お正月の風物詩といえば、箱根駅伝。毎年1月2日と3日に繰り広げられるドラマに注目している人も多いだろう。記者もその1人だ。
正式名称は「東京箱根間往復大学駅伝競走」(関東学生陸上競技連盟主催)。2018年で第94回となる、歴史ある大会だ。関東学連に加盟する大学のうち、前年の大会で10位以内に入った10校と、予選会を勝ち抜いた10校、出場しない大学から選ばれる関東学生連合チームの計21チームが出場する。
東京・大手町と箱根・芦ノ湖の間を10人でつなぐ往復217.1キロ、10時間にも及ぶレースを毎年じっくり見ていると、勝負の行方以外にも気になることがある。
「たすき」をかけたクルマ
その1つがクルマだ。選手が走る路上には、チームメイトやボランティアスタッフ、先導する白バイ、観戦に駆け付けた人々、市街地から海、山へと変わる景色……など、さまざまな人や物が見られる。その中でもひと際目立つのが、選手と一緒に走るカラフルな車両だ。
箱根駅伝で使用される車両は、11年の第87回大会から、全てトヨタ自動車が提供している。それ以前の数年間はホンダが提供していたが、そのころも一部はトヨタだった。車両だけでなく、運行ドライバーも派遣しているという(一部車両を除く)。

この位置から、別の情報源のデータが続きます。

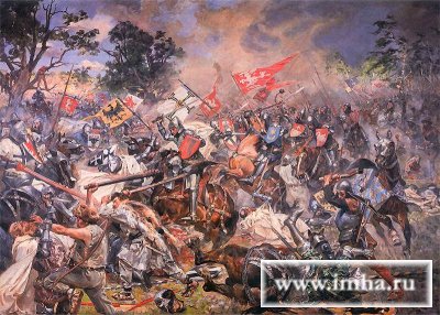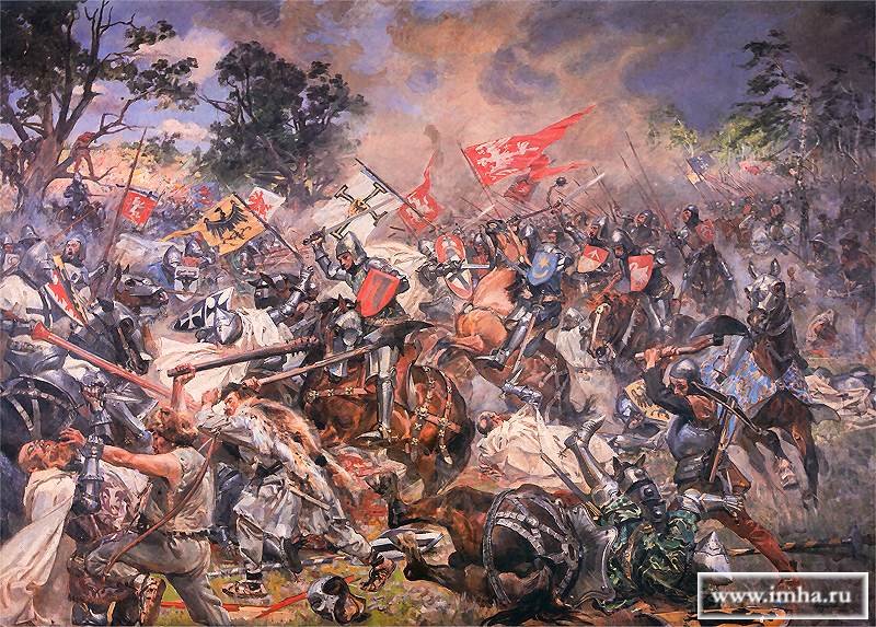 Отгремела знаменитая битва, традиционно именуемая у нас "Грюнвальдской», а в действительности происшедшая при Танненберге ("Еловой горе», в переводе с немецкого), между объединенной армией Королевства Польского и Великого Княжества Литовского, с одной стороны, и армией Тевтонского (Немецкого) духовно-рыцарского Ордена Пресвятой Девы Марии, его вассалов и союзников – с другой. Эта битва, одна из самых крупных в истории европейского Средневековья, началась в девять часов утра 15 июня 1410 года и продолжалась до семи часов вечера. Польско-литовские войска возглавлял король Владислав Ягелло (Ягайла). Кроме поляков и литвинов, под его началом сражались русские, татары, чехи, моравяне и силезцы, бессарабы и валахи, караимы и армяне - причем не только рыцарского происхождения. Боевая единица того времени – "копье» - состояла, чаще всего, из одного тяжеловооруженного рыцаря и его помощников – оруженосца (обычно также рыцарского происхождения), одного или двух лучников (обычно родом из мещан или крестьян), но могла быть и гораздо более многочисленной, о чем будет еще сказано подробнее по ходу нашего повествования. Армия короля Владислава насчитывала около 30 000 воинов, примерно в два с половиной раза превосходя силы противника.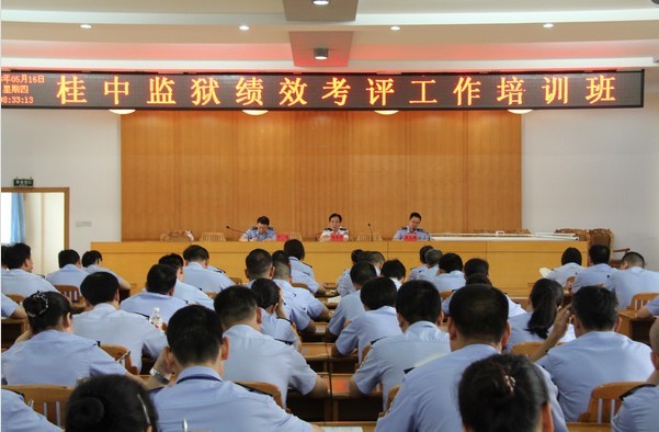 5月16日上午,桂中监狱在监管指挥中心七楼举办绩效考评培训班,监狱及公司科室、直属机构、分公司、糖厂、监区等各部门负责人及负责绩效工作的同志约100人参加培训。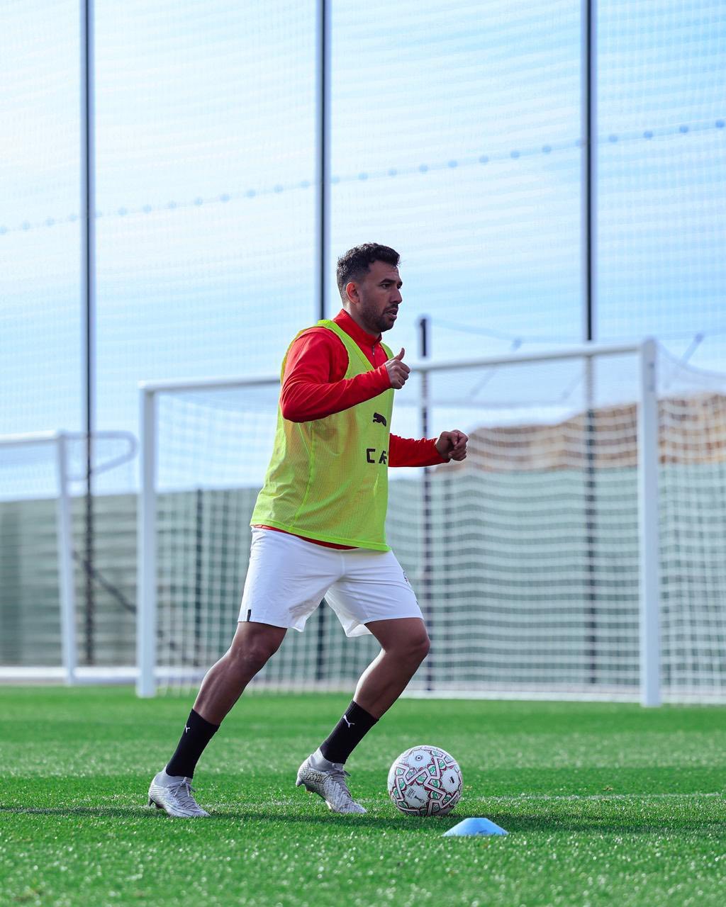 بينما أدى مهند لاشين، لاعب وسط المنتخب، تدريبات تأهيلية، استعداداً للمباراة بعد إصابته بكدمة في الضلوع خلال مباراة أنجولا.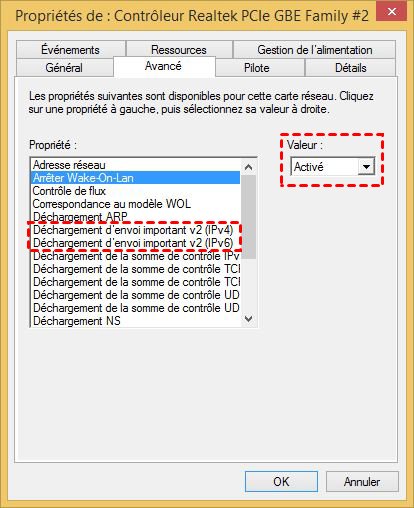 3. Passez à l'onglet Avancé, sélectionnez Déchargement d'envoi important (IPv4) et définissez la valeur sur Désactivé, il en va de même pour Déchargement d'envoi important (IPv6). Appuyez sur OK pour le confirmer.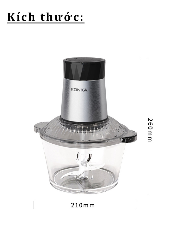 ✨Máy xay thịt đa năng KONKA KJ-FP201 Cối thủy tinh 2 Lít với 4 lưỡi inox 304 Công Suất 250W - HÀNG CHÍNH HÃNG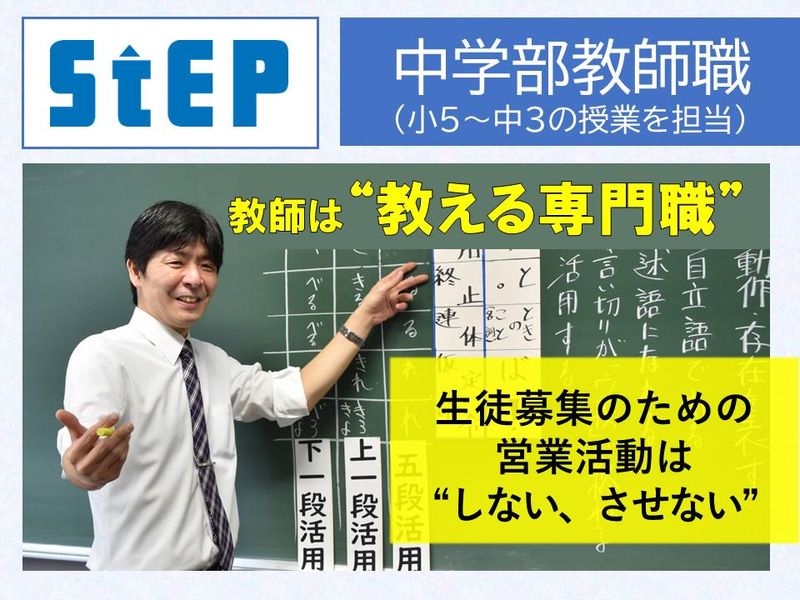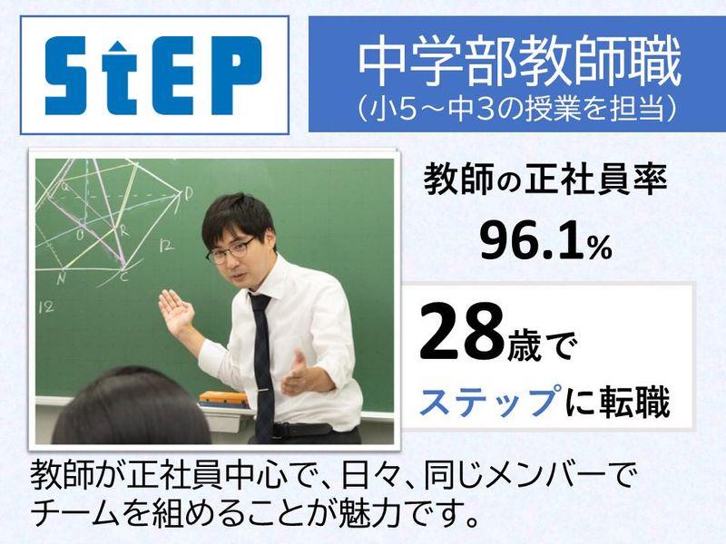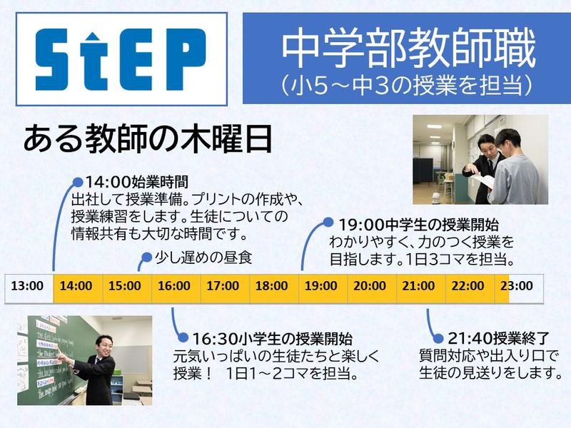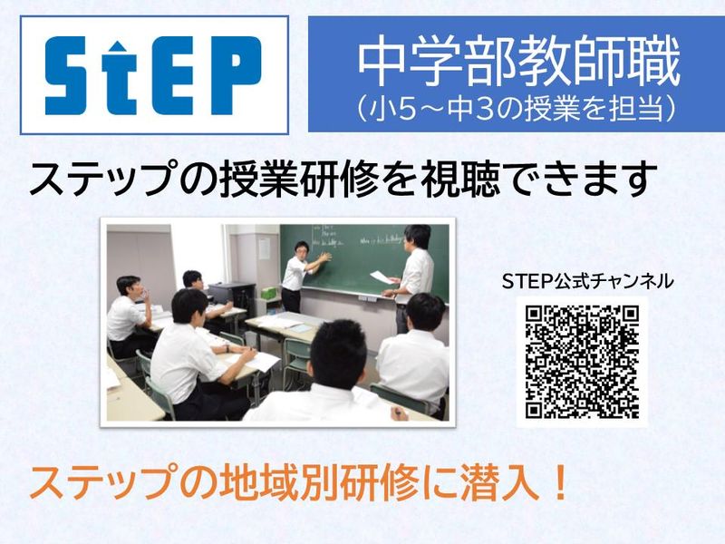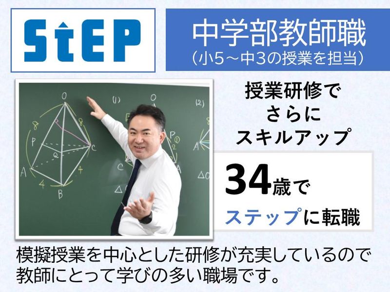 仕事内容 ■担当授業について■ 小5生~中3生を対象にした学習指導、高校受験指導です。 1日4~5コマの授業を担当します。 1クラスは中学生20人、小学生16人の集団授業です。 ■担当教科について■ 文系の方(英語+社会または国語+社会) 理系の方(数学+理科) ※英数国の中から1科目に専念するエキスパート教師の採用も行っています。 ■勤務地について■ 神奈川県内145スクールのいずれかに勤務していただきます。 横浜市に49校、川崎市・藤沢市に15校、相模原市11校をはじめ、神奈川県全域にスクールを展開しています。 ==横浜市内のスクール== 二俣川、瀬谷、鶴ヶ峰、弥生台、戸塚、三ツ境、立場、杉田、港南台、鴨居、十日市場、中川、センター南、北山田、こどもの国、ふれあいの丘、本郷台、センター北、白楽、仲町台、菊名、戸塚東、東戸塚名瀬、藤が丘、大倉山東、江田、たまプラーザ、市ヶ尾、綱島、上大岡、中山、あざみ野、長津田、保土ケ谷、和田町、上永谷、鶴見、井土ヶ谷、日吉本町、東戸塚平戸、Hi-STEP横浜、Hi-STEP戸塚、Hi-STEP二俣川、Hi-STEP青葉台、Hi-STEP金沢文庫、Hi-STEP日吉、Hi-STEPセンター南、Hi-STEPたまプラーザ、Hi-STEP上大岡 ■ステップの特徴■ <授業に集中した方には最適な環境> ・営業・勧誘活動はしない、させない ・質の高い授業を行うことに集中できる ・教師自身の勉強や授業準備の時間をしっかり確保 ・教師職の96.1%が正社員講師(2025年4月現在) ・年間で約30回を超える授業研修 ■ステップでの働き方■ <安心して長く働くことができる> ・東証プライム上場。安定した経営基盤 ・4年連続で給与のベースアップを実施 ・平均年齢38.6歳 ・神奈川県内に展開 (都道府県をまたぐ異動はなし) ・週休2日(日・月が基本) ・年2回、1週間以上の長期休暇あり 2025年度の例 GW休暇:4月下旬から9連休 秋休暇:9月または10月に9連休 ・独身寮完備(神奈川県内18棟201室) ■ステップの授業■ <生徒参加型のコミュニケーションを大切にした授業> ステップの教師は、「生徒と水平な目線」が基本スタンス。 教室の主役はあくまでも生徒。 生徒と教師がコミュニケーションをとりながら進める 対話型の授業を大切にしています。 ■ステップの戦略■ <生徒募集の営業活動は“しない、させない”> 電話勧誘や友人紹介、ポスティングなどの営業活動は行いません。 授業の質を高め結果として口コミや評判で 生徒が増えていくことがステップのスタンス。 室長、ブロック長になっても現場(授業)の中核的存在として 教えることにエネルギーを投入します。 <教師は教える専門職> 新人研修は年間およそ15回、 地域別研修は年間およそ10回。 それに加え、夏期・冬期講習前の 集中研修があります。 教師一人ひとりが模擬授業を行い 課題を指摘したり、技術を共有したりと 常に向上を目指しています。 自社作成のテキスト以外も プリントや理科実験の教材など 各教師がオリジナルの教材を作り上げています。 - 【応募者の皆さんからいただくご質問】 Q:決まった授業パターン(型)などはありますか。 A:「この単元はこの文章を使ってこう教えなければならない」というような細かい縛り、ないしは細部にわたる「ステップ方式」のようなものはありません。教師も日々成長していますから、「今年はこの単元をこういう風に教えてみたい」という思いが自分の中から沸き上がってきたりします。工夫を重ねながら挑戦していくことに、教える仕事のおもしろさがあると思います。ただし、ステップで大切にしていることは「交流感のある双方向の授業」です。「上から目線」ではなく生徒の目線の高さに合わせたコミュニケーションを大事にしていくこと。これは共通のスキルにしていきたいと考えています。 Q:補習やテスト対策を行ったりすることはありますか。 A:補習は「この生徒は授業についてこられていないな」と思ったとき、「病気や家庭の事情で授業を何回かお休みした」ときなど、積極的に行っています。例えば、授業の前に少し早く呼んで教える、授業後に少し残して教える、授業のない週休日(月曜日)にスクールに来て教える等です。なお、休講日の月曜の補習は登録し許可を得たメンバーしか行うことができません。またテスト対策で忙しい時期も日曜・月曜の連続勤務は禁止しています。いずれもよいコンディションを保ち、授業をしていくための措置です。 Q:どのようにして授業は評価されるのでしょうか。 A:授業の評価をするのは、まずは自分自身です。授業が終わった後、「今日はいい授業ができた」とか「会心の授業だった」とか思えると心が弾みます。また生徒が授業に参加して「時間があっと言う間に過ぎた」や「授業が楽しみ」と言ってくれると嬉しい気持ちになります。生徒や一緒に働く校舎のメンバーから信頼されるのが一番の評価だと考えます。システム的には年2回の生徒アンケートや認定テスト、撮影した授業映像の監査等が行われます。教師としての実力、貢献度を評価します。 Q:2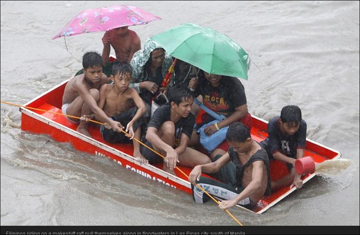 菲律宾首都马尼拉洪水泛滥 民众乘竹筏出行(图)(4)

選手にぴったりとくっついて走るのは、各大学の監督や関係者が乗る「運営管理車」。なぜこの車両に目が行くかというと、クルマも「たすき」をかけて走っているからだ。各校のたすきをイメージしたラッピング車両となっている。車体カラーも、たすきが映えるような色を使っているようだ。選手とおそろいのたすきで走る姿は、なんだかかわいい。
使われる車は、前年の新型車や話題性のあるクルマ、人気車種が多い。17年は、16年末に発売した新型スポーツタイプ多目的車(SUV)「C-HR」が運営車両の1つとして提供された。他にも、燃料電池車(FCV)「MIRAI」やプラグインハイブリッド車「プリウスPHV」が走った。たすきをかける運営管理車には近年、人気のミニバン「エスクァイア」「ノア」「ヴォクシー」といった、使い勝手がいいクルマが使われている。
18年はどんなクルマが走るのか。運営管理車は前年までと同じミニバンだという。他の運営車両には、17年にトヨタが発表した新スポーツカーブランド「GR」もお目見えするようだ。「プリウスPHV」「ヴィッツ」のスポーツモデルが大会運営を支える。
ちなみに、トヨタ車を展示するテーマパーク施設「MEGA WEB(メガウェブ)」(東京・お台場)では、特別展示「箱根駅伝 感動をつなぐチームとクルマ STORY & HISTORY」を開催中だ(18年1月14日まで)。過去の大会運営に貢献した車両などを展示している。
たすきの色の名前は……
運営車両にデザインされるほど、箱根駅伝の象徴といえるたすき。テレビやラジオの中継では、このたすきを巡る実況には特に熱が入る。終盤は、先頭から離された後方のチームに、繰り上げスタートの危機が迫る。チームのたすきがつながるかどうか……といった場面でその熱は最高潮になる。
そんな場面で、聞きなれない言葉も聞こえてくる。たすきの色、チームカラーだ。青山学院大学「フレッシュグリーン」、東洋大学「鉄紺」、早稲田大学「えんじ」あたりはすぐにイメージできるが、山梨学院大学「プルシアンブルー」、神奈川大学「プラウドブルー」など、駅伝でしか聞かないような色もある。
現在、JR山手線で箱根駅伝をPRする車両が走っており、出場21チームのたすきをイメージした中づり広告もある。電車でたすきを観察しながら、気分を盛り上げてもいいかもしれない。
4連覇がかかる青山学院大学と、大学3大駅伝の出雲駅伝、全日本駅伝をそれぞれ制した東海大学、神奈川大学、4年ぶりの総合優勝を目指す東洋大学など、混戦が予想されている18年の箱根駅伝。ドラマを支えるモノにも注目してみてはいかがだろうか。